Tropical Rice Pudding is our breezy take on traditional rice pudding with a sunshiny attitude. We cut the gelatin and repaced the canned fruit with fresh.
2 cups cooked long-grain rice
4 cups milk
3/4 cup sugar
1/2 teaspoon table salt
1 cup heavy cream
2 large eggs
1 cup coarsely chopped fresh pineapple*
1 tablespoon firmly packed orange zest
1 tablespoon firmly packed lemon zest
1 teaspoon orange extract**
Toppings: fresh pineapple, navel orange segments, toasted unsweetened coconut, sweetened whipped cream, ground cinnamon and cinnamon sticks, fresh mint sprigs
How to Make It
Bring first 4 ingredients to a simmer in a large saucepan over medium-high seat, stirring occasionally. Reduce heat to medium-low; simmer, stirring often, 20 to 25 minutes or until milk is reduced by half and rice is very tender.
Meanwhile, whisk together cream and eggs.

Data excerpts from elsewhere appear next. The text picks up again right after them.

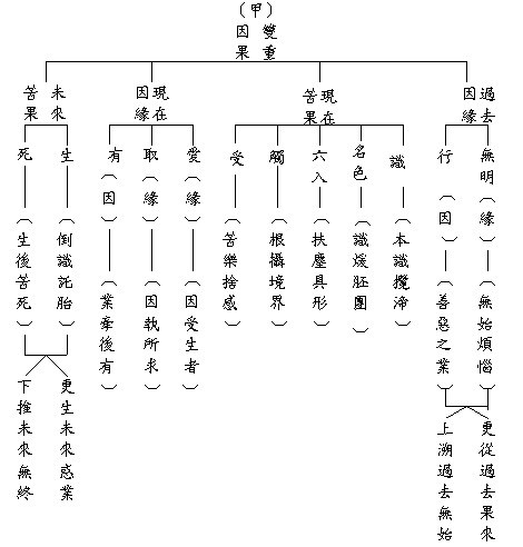 ‘双重因果’:因果是绵延不断的,有过去的因缘就有现在的苦果,有现在的因缘就有将来的苦果,所以十二因缘里面有三世,表里面列得很清楚。‘过去因缘’是过去世;‘现在苦果’与‘现在因缘’是现在世,就是今世;‘未来苦果’是未来世。过去还有过去,未来还有未来,所以佛法研修的范围是竖穷三际、横遍十方,修学内容之广泛、范围之博大,确实世间任何的学术都没有办法跟它相比。
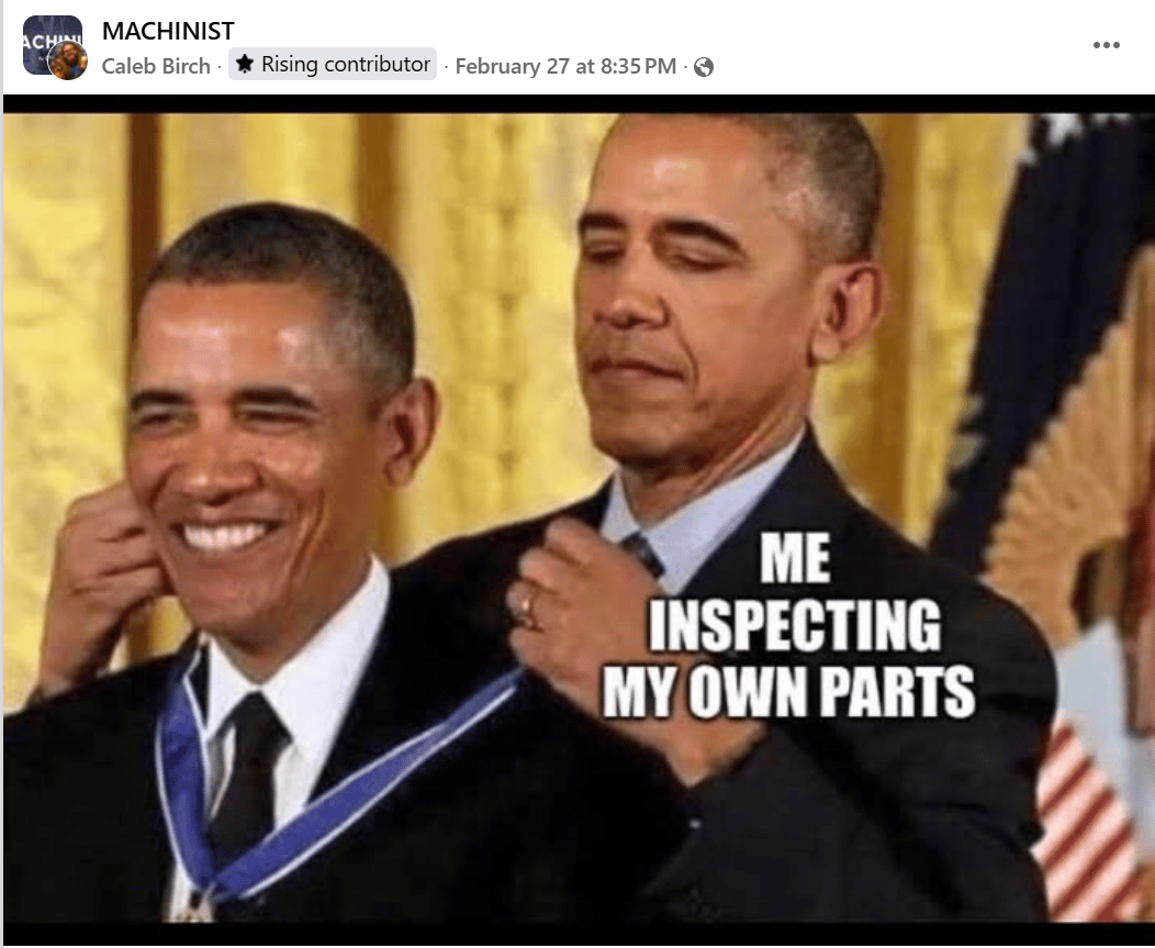 And of course, we finish things off with a few machining memes — including one that perfectly captures the moment when you're inspecting your own parts.
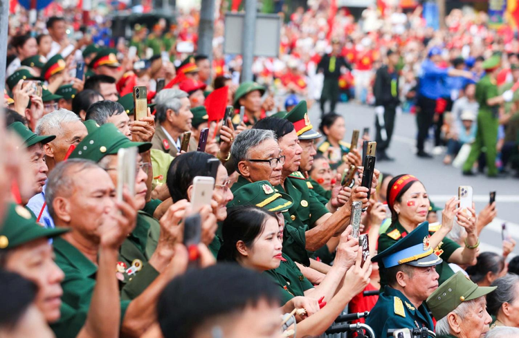 Các cựu chiến binh, người có công với Cách mạng được ưu tiên ngồi tại những vị trí thuận lợi, hào hứng ghi lại khoảnh khắc các đoàn diễu binh đi qua.
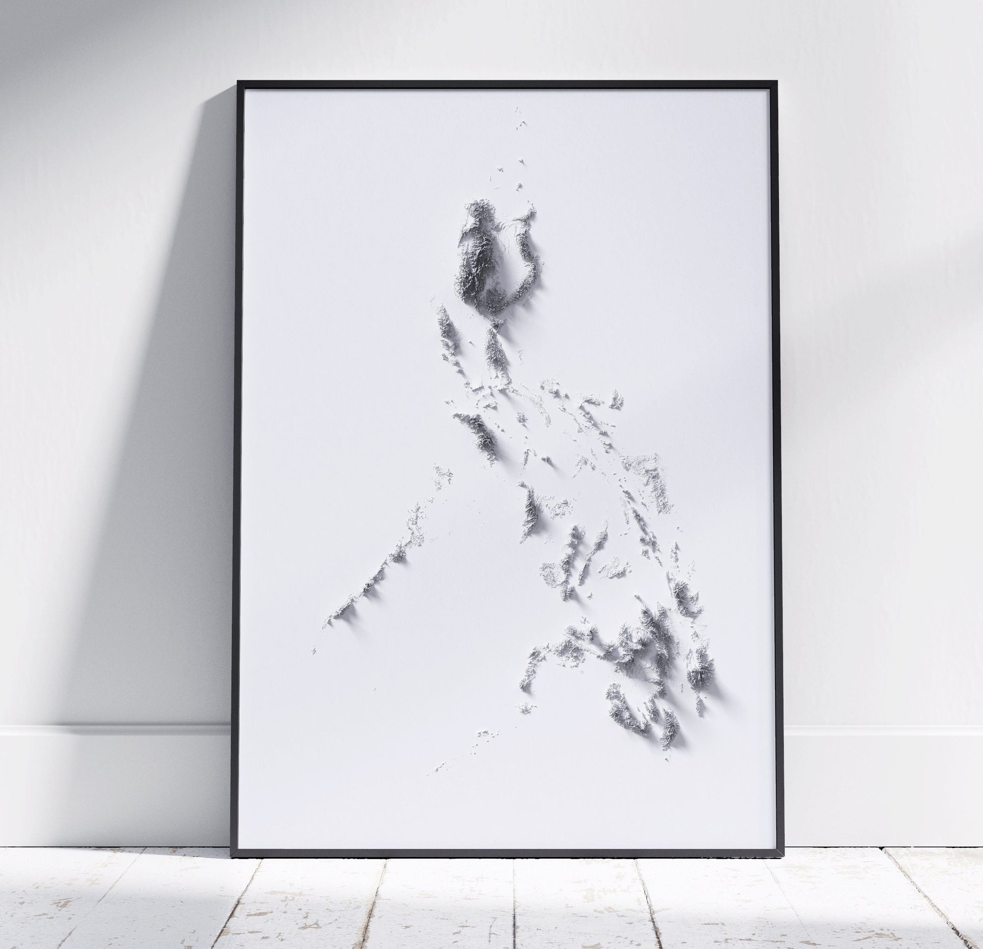 Philippines ~ Modern 2D Shaded Relief Print ~ Plain Topographic Map
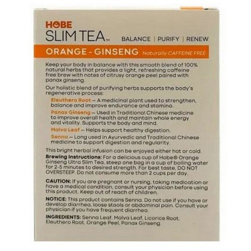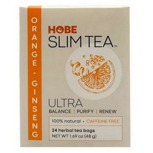 Hobe Labs Ultra Slim Tea, Orange Spice. Delicious herbal formula. With Balanced Diet Plan, The Orange Spice Ultra Slim Tea blend of 100% natural herbs provides a light, delicious caffeine free beverage that helps achieve results in aiding digestion and contributing to weight loss. Orange Spice Ultra Slim Tea gently assists the digestive system by stimulating peristaltic action of the intestinal tract. Mild lubricating herbs encourage elimination of excess waste and toxins...without the discomfort of cramps of diarrhea. Each box of Orange Spice Ultra Slim Tea, includes a Balanced Diet Plan with delicious meal suggestions. These nutritious meal planning tips, used with Ultra Slim Tea, provide healthy natural alternative to inconvenient and expensive low calorie and difficult to maintain diet programs. Drink delicious, slimming orange spice ultra slim tea hot or cold... and see the results! Begin drinking Ultra Slim Tea at half strength by diluting with water and reducing the steeping tim
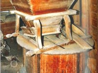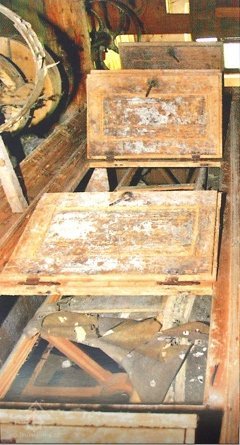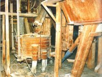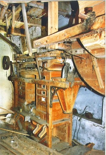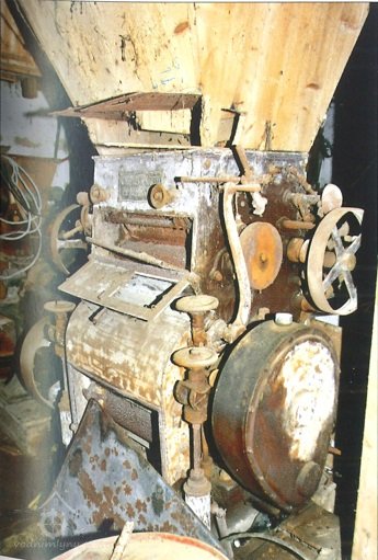 V I. patře mezi okny savka na třídění krupic, kamenné složení je šrotování, hranolové vysévače a násypky k mlecím stolicím.
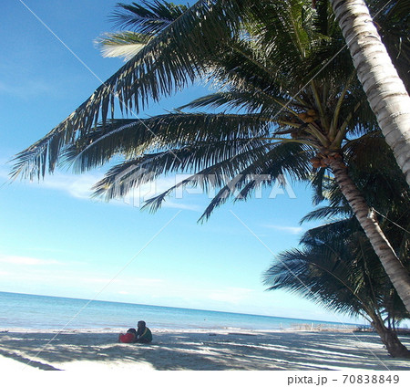 フィリピンのミンダナオ島の青空と海とヤシの木の風景
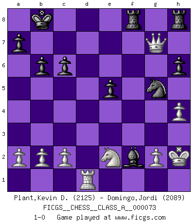 Last move : 1-0 2010 December 21 17:53:41 [Event "FICGS__CHESS__CLASS_A__000073"] [Site "FICGS"] [Date "2010.06.30"] [Round "1"] [White "Plant,Kevin D."] [Black "Domingo,Jordi"] [Result "1-0"] [WhiteElo "2125"] [BlackElo "2089"] 1.e4 e5 2.Nf3 f5 3.Nxe5 Qf6 4.d4 d6 5.Nc4 fxe4 6.Nc3 Qg6 7.f3 exf3 8.Qxf3 Nf6 9.Ne3 Nc6 10.Bd3 Qf7 11.Bc4 Qg6 12.Ned5 Kd8 13.O-O Nxd4 14.Qf2 Ne6 15.Re1 Qg4 16.Bd3 Qd4 17.Be3 Qe5 18.Bf5 Nxd5 19.Bg5+ Nxg5 20.Rxe5 dxe5 21.Nxd5 c6 22.Bxc8 Rxc8 23.Nc3 Kc7 24.h4 b6 25.Qf5 Bc5+ 26.Kh2 h6 27.Rd1 Bd4 28.Ne2 Rcf8 29.Qg6 Bf2 30.Qd6+ Kb7 31.Qd7+ Kb8 32.Qxg7 1-0 Latvian counter-gambit Kingside Castling by player White (move 13) Player White won this chess game. Follow this game move after move (download)I like the moment when I break a man's ego. (Bobby Fischer) Ich habe Putins Aufstieg an die Macht beobachtet und seine Politik, die demokratischen Institutionen meines Landes zu zerstören. (Garry Kasparov) Juega la Apertura como un libro, el Juego Medio como un mago y los Finales como una máquina. (Spielmann) Avec des compensations pour le matériel en plus... (Anonyme) Excelling at chess has long been considered a symbol of more general intelligence. That is an incorrect assumption in my view, as pleasant as it might be. But for the purposes of argument and investigation, chess is, in Russkin-Gutman's words, 'an unparalleled laboratory, since both the learning process and the degree of ability obtained can be objectified and quantified, providing an excellent comparative framework on which to use rigorous analytical techniques.' (The Chess Master and the Computer, by Garry Kasparov - 2010)
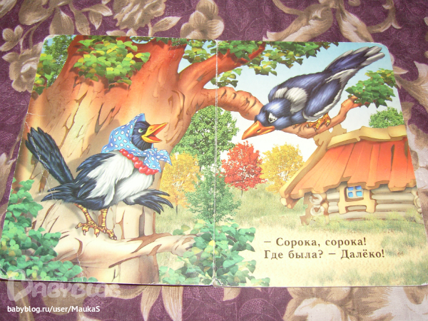 Не знаю чем уж Сорока полюбилась дочке - но полубилась! Картинки компьтерные однотипные. Но дочка прям фанатеет от книжки) При этом пальчиковую игру не оч любит(
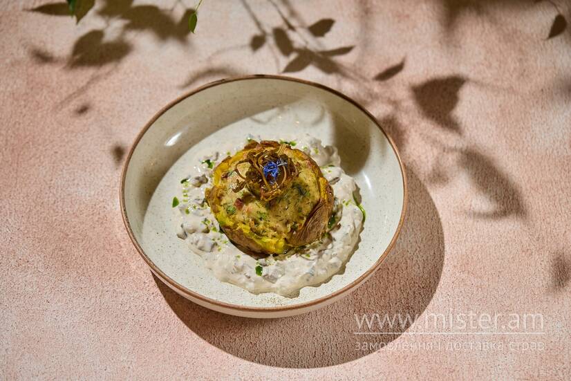 Картопляна тарталетка, начинена беконом, моцарелою, сметаною та зеленню, подається на грибній сметані. Декорована маринованим огірком, портулаком та квітами волошки. Ситна і ароматна страва з цікавою подачею.
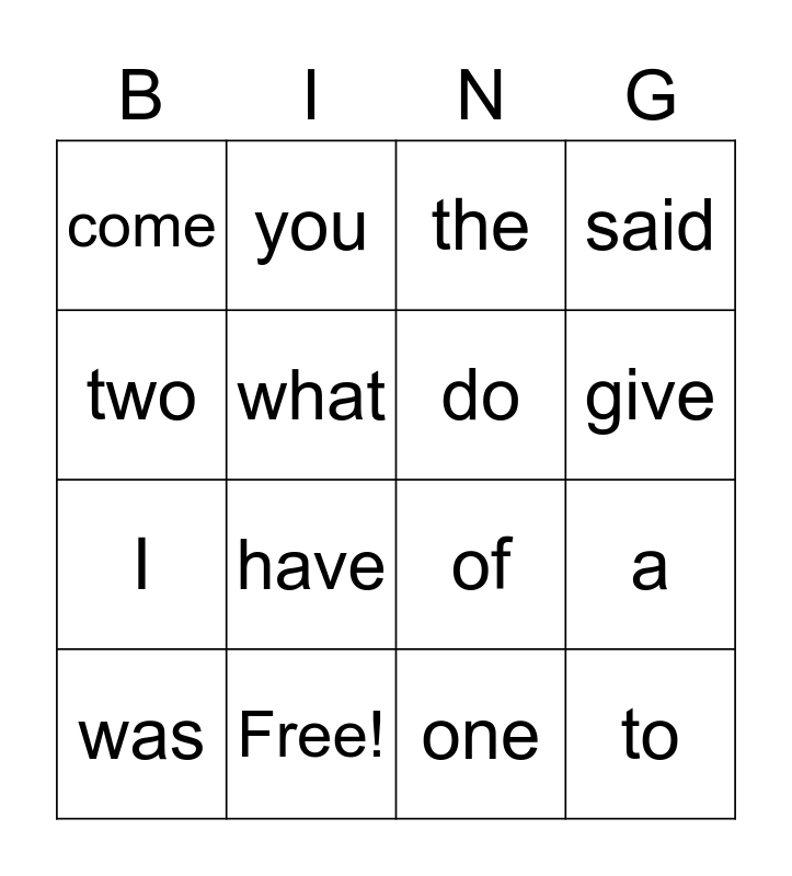 This bingo card has 16 words: Free!, a, the, come, I, you, of, one, two, what, was, said, have, give, do and to.
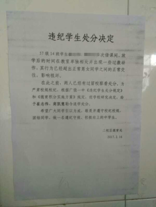 17日晚,商先生向大眾網(wǎng)記者提供了一份落款為二校區(qū)德育處的違紀(jì)學(xué)生處分決定,大體內(nèi)容為:57級(jí)14班學(xué)生阿強(qiáng)(化名)、小芳多次借課間、放學(xué)后的時(shí)間在教室單獨(dú)相處并出現(xiàn)一些過(guò)激動(dòng)作,其行為已經(jīng)超出正常男女同學(xué)之間的正常交往,影響極壞。在此之前,兩人已經(jīng)有過(guò)留校察看處分。為嚴(yán)肅校規(guī)校紀(jì),根據(jù)廣饒一中《違紀(jì)學(xué)生處分規(guī)定》和《德育積分實(shí)施方案》規(guī)定,經(jīng)學(xué)校研究決定,給予兩人勒令退學(xué)處分。
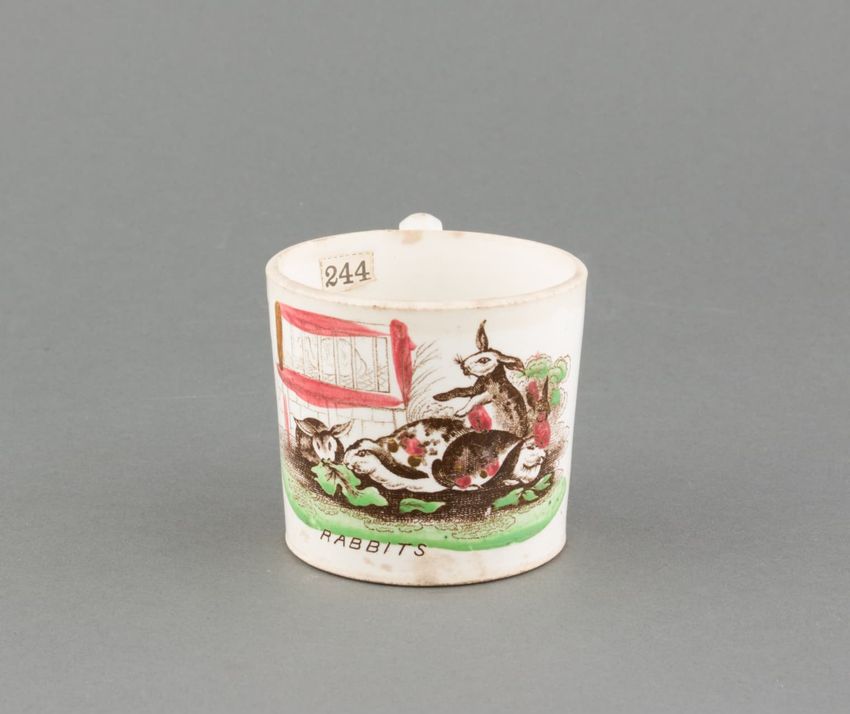 Earthenware children's mug. Cylindrical with loop handle and leaf terminals. Brown transfer printed image of several rabbits in front of a hutch. Overpainted with green and red.

Whisk 2 Tbsp. hot rice mixture into cream mixture. Reduce heat to low; stir cream mixture into remaining rice mixture. Cook, stirring constantly, 2 minutes or until mixture begins to thicken. Remove from heat; stir in pineapple and next 3 ingredients. Serve hot or cold with desired toppings.
*1 (8-oz.) can pineapple tidbits, drained, may be substituted.